Environmentalists fear that electricity will make current problems with rubbish and sewage worse. “Together with the growing stream of tourists a stream of rubbish will pour onto the island,” says Roman Vazhenkov, director of Greenpeace Russia’s Baikal programme.

“It’s all right to give people comfort, but mass tourism cannot work here. The administration wants good roads, big hotels, civilisation. The coast will lose its magic - the enchanting wild nature, the peace and quiet,” says Yana Ogarkova.

Can’t have it both ways

Eco-tourism or ‘dirty’ tourism and industry - in the long run these are mutually exclusive directions of development for the area around Baikal. The town of Baikalsk on the lake’s southern coast, created in the sixties around the pulp and paper mill, is testimony to this fact. The mill still discharges 45 million cubic metres of wastewater into the lake each year, but no longer provides enough jobs for the town, where it is practically the only source of employment. Attempts to develop tourism are cut short by air and water pollution.

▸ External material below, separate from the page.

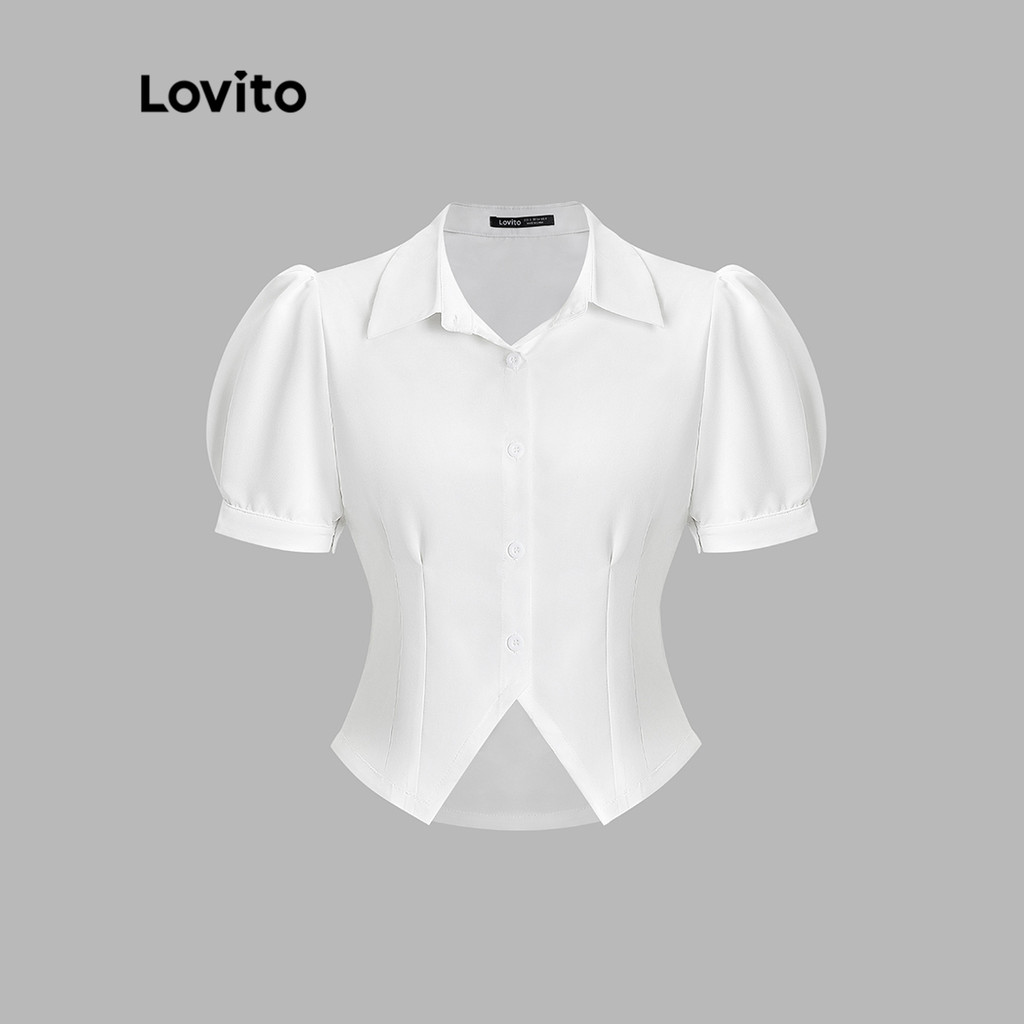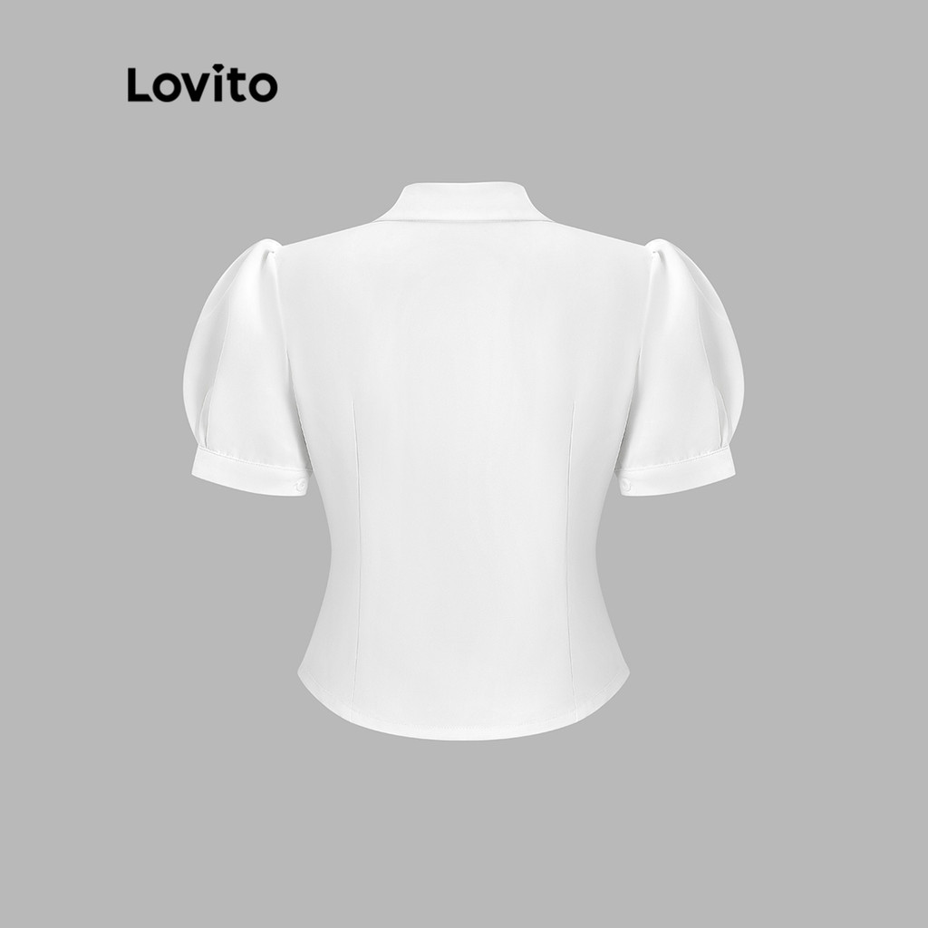 (Trendy) Lovito Blusa Casual Com Botão Liso Y2K Blusa Manga Bufante Para Mulheres L52AD035 (Branco)
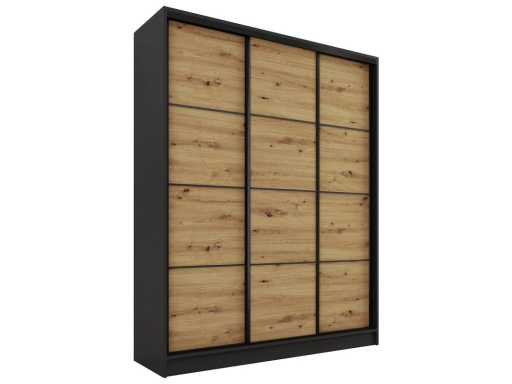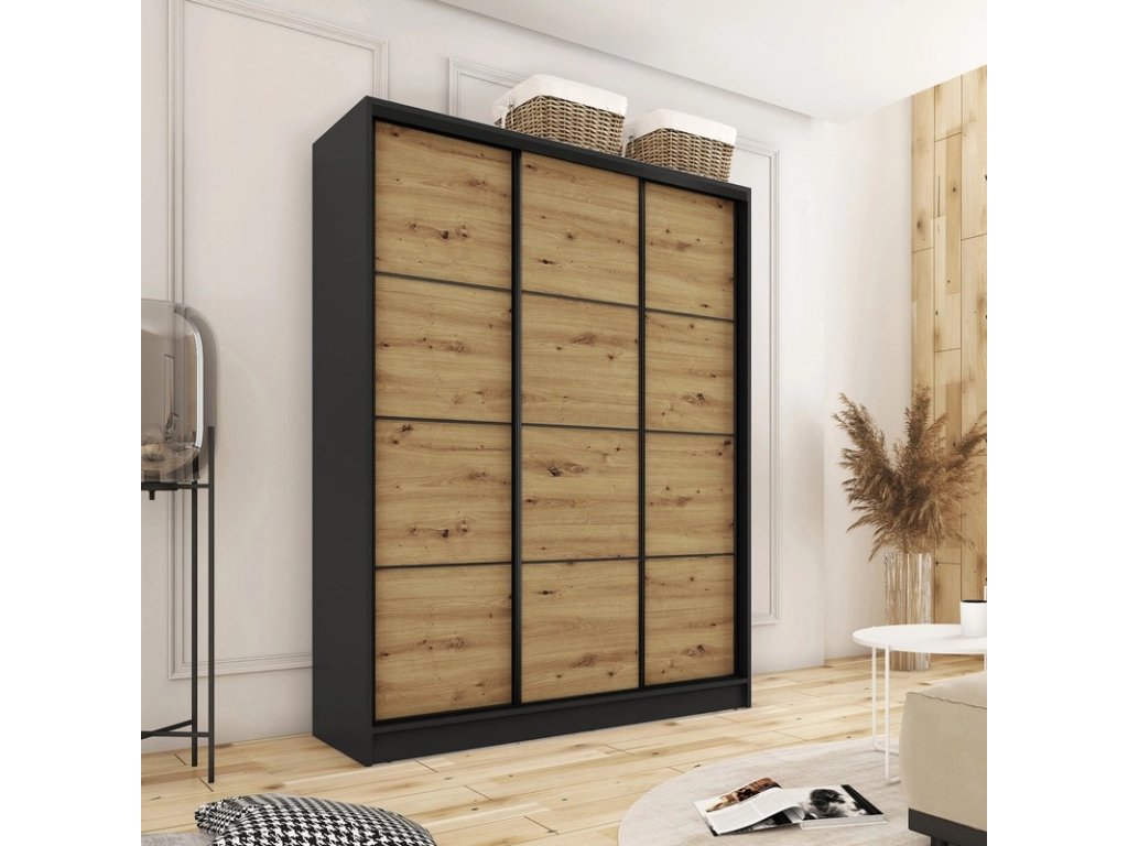 Kombinovaná šatníková skriňa s posuvnými dverami. Ozdobné lišty, ktoré sú na dverách skrine, nie je nutné na dvere inštalovať. Môžete tak mať hladké dvere bez líšt. Rozmery (šxvxh): 150 x 205 x 56 cm Materiál: lamino Farba: čierny mat/dub artisan Šatníková skriňa má: - 6 políc - 2 šatníkové tyče - 4 šuplíky Dodávané v demonteDodatočné parametre

“It smells too much, and the factory on the coast is visible from far away. We have a skiing resort now, but they’ll never get Western tourists, or tourists from Moscow,” says Natalia Lebiedeva, the receptionist at Baikalsk’s only hotel. She had worked at the mill until the massive redundancies that followed the fall of the Soviet Union. “Now there’s no future here. People drink a lot,” she says. “I would take my son and leave, but I have no-where to go.”

So far, pollution from industry remains limited to small areas like Baikalsk, as Baikal’s size and volume saved it from the fate of the much shallower Aral Sea. But the effects of oil spills from the planned pipeline would reach the whole lake. Together with wild tourism, logging and poaching, this could mean the end of Baikal’s natural riches.